More about "Ethidium"
Ethidium, a widely used fluorescent dye, plays a crucial role in molecular biology and biochemistry research.
It is known for its ability to intercalate between the base pairs of DNA, enhancing its fluorescence and enabling the visualization and quantification of nucleic acids.
Ethidium is extensively employed in various techniques, including gel electrophoresis, DNA sequencing, and flow cytometry.
To optimize Ethidium protocols, researchers can leverage the power of PubCompare.ai, an AI-driven platform that helps locate the most effective methods from literature, preprints, and patents.
This platform enhances reproducibility and research accuracy, ensuring that researchers build their work on the most reliable and effective techniques.
Dihydroethidium (DHE), another related compound, is commonly used as a fluorescent probe to detect superoxide anion radicals in cells.
The LIVE/DEAD Viability/Cytotoxicity Kit, which utilizes Calcein AM and Ethidium homodimer-1, is used to assess cell viability and cytotoxicity.
MitoSOX, a mitochondria-targeted fluorogenic dye, is employed to measure mitochondrial superoxide production.
The FACSCalibur, a flow cytometry instrument, is often used in conjunction with Ethidium-based assays to quantify and analyze various cellular parameters, such as DNA content and apoptosis.
By exploring PubCompare.ai, researchers can streamline their Ethidium-based experiments, enhance their research accuracy, and build on the most reliable and effective techniques available.
This AI-driven platform empowers scientists to take their Ethidium research to new heights, unlocking the full potential of this versatile fluorescent dye.

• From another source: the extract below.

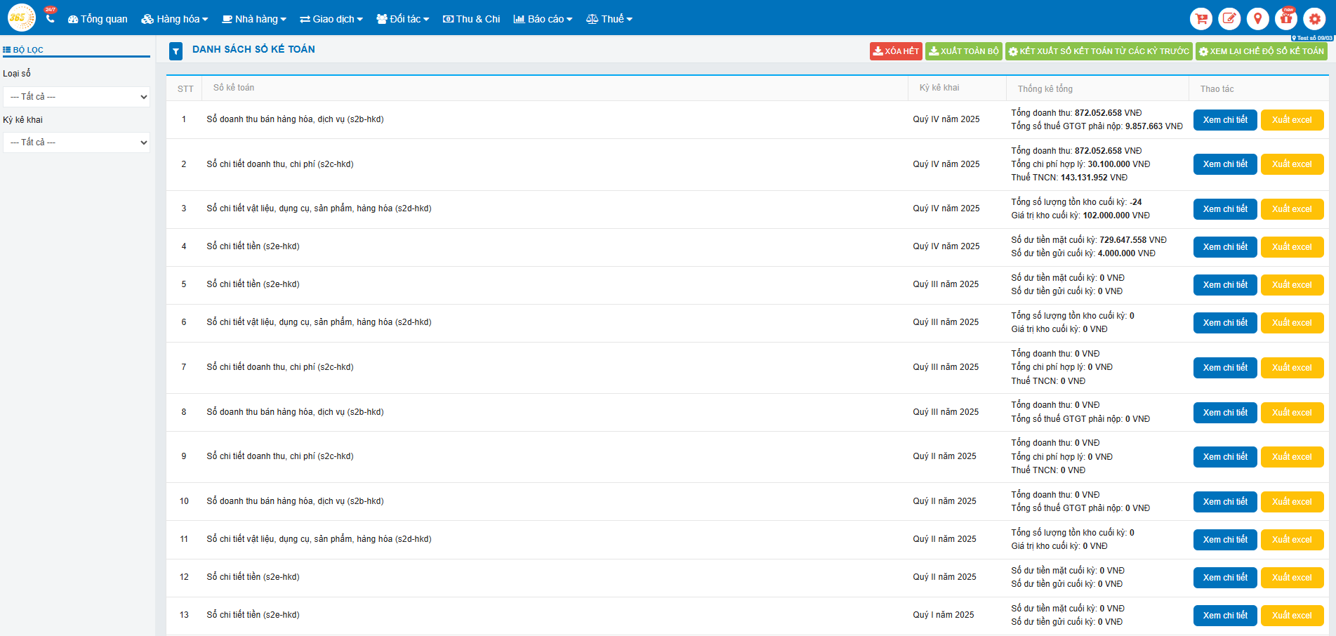 Hệ thống POS365 hiển thị màn hình Danh sách sổ kế toán.

It is known for its ability to intercalate between the base pairs of DNA, enhancing its fluorescence and enabling the visualization and quantification of nucleic acids.
Ethidium is extensively employed in various techniques, including gel electrophoresis, DNA sequencing, and flow cytometry.
To optimize Ethidium protocols, researchers can leverage the power of PubCompare.ai, an AI-driven platform that helps locate the most effective methods from literature, preprints, and patents.
This platform enhances reproducibility and research accuracy, ensuring that researchers build their work on the most reliable and effective techniques.
Dihydroethidium (DHE), another related compound, is commonly used as a fluorescent probe to detect superoxide anion radicals in cells.
The LIVE/DEAD Viability/Cytotoxicity Kit, which utilizes Calcein AM and Ethidium homodimer-1, is used to assess cell viability and cytotoxicity.
MitoSOX, a mitochondria-targeted fluorogenic dye, is employed to measure mitochondrial superoxide production.
The FACSCalibur, a flow cytometry instrument, is often used in conjunction with Ethidium-based assays to quantify and analyze various cellular parameters, such as DNA content and apoptosis.
By exploring PubCompare.ai, researchers can streamline their Ethidium-based experiments, enhance their research accuracy, and build on the most reliable and effective techniques available.
This AI-driven platform empowers scientists to take their Ethidium research to new heights, unlocking the full potential of this versatile fluorescent dye.